Large Scale Ethanol Fermentation through Pipeline Delivery of Corn Stover

Amit Kumar, Jay B. Cameron and Peter C. Flynn^*

4 – 9 Mechanical Engineering Building

Department of Mechanical Engineering

University of Alberta

Edmonton, Alberta, Canada T6G 2G8

Phone:   (780)492-6438

Fax:  (780)492-2200

E mail: peter.flynn@ualberta.ca

Corn stover is available in abundance in the central U.S.; total annual supply exceeds 150 M dry tonnes per year.  Truck congestion is a major factor in the size of any corn stover receiving facility; a facility processing 2 M dry tonnes per year requires a truck to arrive every 4 to 8 minutes.  Community resistance would likely preclude receiving facilities of larger capacity.  Ethanol fermentation plants processing corn stover are below economic optimum size at this capacity.

Multiple pipelines transporting corn stover to an ethanol fermentation facility offer the potential to achieve a significantly more economic scale for production and distribution of ethanol. 

This study compares the cost of produced ethanol from a large number of small ethanol plants, processing 0.7 M dry tonnes of corn stover per year, to a large facility processing corn stover delivered by multiple pipelines each having a capacity of 2 M dry tonnes per year.  Data for the small facilities is drawn from previous detailed studies by the National Renewable Energy Laboratory, and is compared to a larger plant processing 4 to 24 M dry tonnes per year.

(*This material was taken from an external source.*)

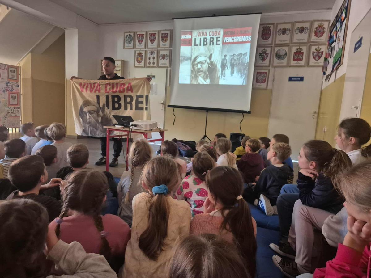 Drukuj Powrót do poprzedniej strony Spotkanie z podróżnikiem 13.10.2025 15:17 Treść Jak co roku naszą szkołę odwiedził podróżnik z grupy "Trzask". Tym razem przybliżył naszym uczniom życie i zwyczaje mieszkańców południowoamerykańskiej Kuby.

Saccharification of corn stover can occur in the pipeline during transport.  The cost of ethanol production from a large central processing facility is evaluated with and without simultaneous saccharification.  Since saccharification occurs at elevated temperatures, one key cost factor in simultaneous saccharification is the availability of waste heat at the pipeline inlet.